カテゴリ単位で悪意のあるサイトへのアクセスを遮断
ウェブコンテンツブロッカーは、ユーザーが選択したカテゴリに該当するWebサイトへのアクセスをリアルタイムで遮断する機能だ。悪意のあるサイトやリスクの高いサイト、望ましくないコンテンツなどへの意図しないアクセスを抑制する。家族が利用するデバイスのアクセスを管理し、設定を2FAでロックすることもできる。
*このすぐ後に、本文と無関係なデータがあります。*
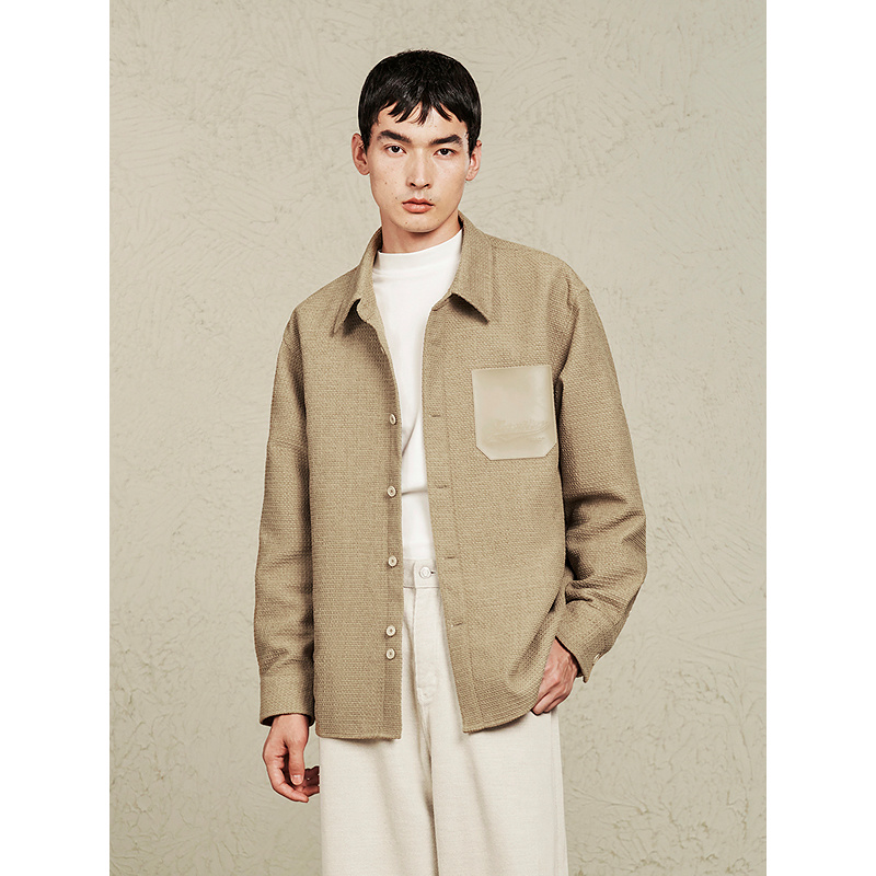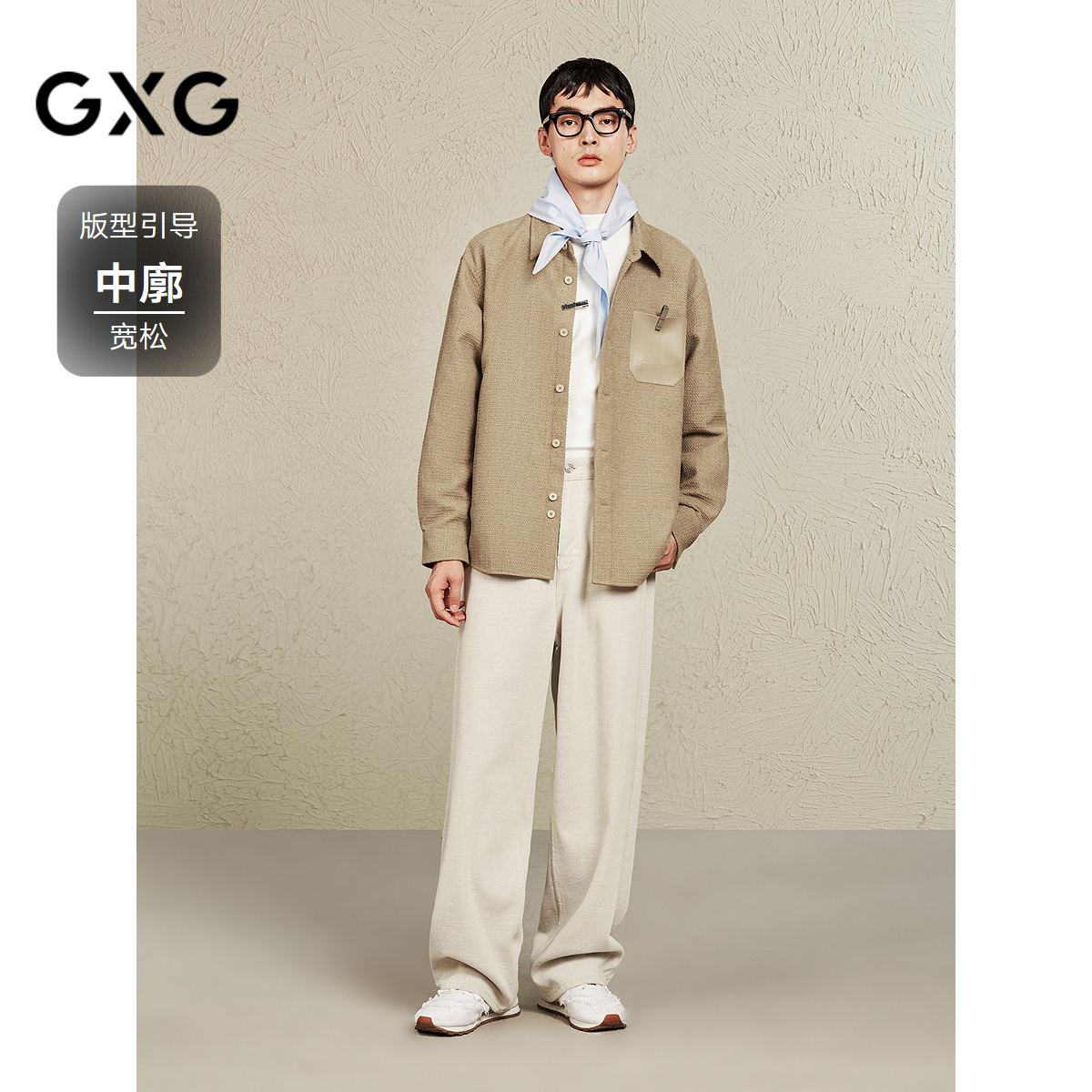GXG男装 多色肌理面料pu口袋宽松长袖衬衫外套男 24年秋季品

Surfsharkによると、閲覧内容を監視せずにカテゴリ単位でアクセスを制御できるという。同社のシステムエンジニアリーダーを務めるKarolis Kaciulis氏は、悪意のあるサイトを遮断することで、詐欺の回避やオンライン上の危険にさらされる機会の低減につながるとしている。
利用する際は、Dausosプロトコルで接続した状態で、Surfsharkアプリの設定からウェブコンテンツブロッカーを有効にする。追加のアプリやブラウザ拡張機能を使わず、Surfsharkアプリ内で設定できる。
専用トンネルとポスト量子セキュリティを組み合わせる
Dausosは、ユーザーセッションごとに専用のVPNトンネルを割り当てるSurfshark独自のプロトコルだ。データパケットを分散させ、ネットワークの状態やデバイスの性能に応じて通信を調整する仕組みを採用している。
今回の機能拡張では、この専用トンネルを用いる仕組みと即時のWebフィルタリングを統合した。同社は、望ましくないカテゴリのサイトを遮断しながら、業界標準のVPNプロトコルと比べて最大30%高い接続速度と低遅延を維持し、ポスト量子セキュリティも利用できるとしている。
Dausosは現在macOS限定、組織管理機能への言及はなし
ウェブコンテンツブロッカー自体はWindows、macOS、iOS、Androidに対応しているが、Dausosプロトコルは現時点でmacOSアプリのみで利用できる。Surfsharkは、今後ほかのプラットフォームにも対応する予定としている。Dausosでウェブコンテンツブロッカーを利用するには、最新版のmacOSアプリと、Surfshark OneまたはSurfshark One+の契約が必要となる。
ウェブコンテンツブロッカーは、家庭内で家族が利用するデバイスのアクセス管理を主眼とした機能として案内されている。企業ITの観点では、MacのVPN接続による通信保護と、悪意のあるWebサイトへのアクセス抑止を同じアプリ上で利用できる点が特徴だ。ただし、今回の発表では、企業向けの一括設定や集中管理機能の有無は明らかにされていない。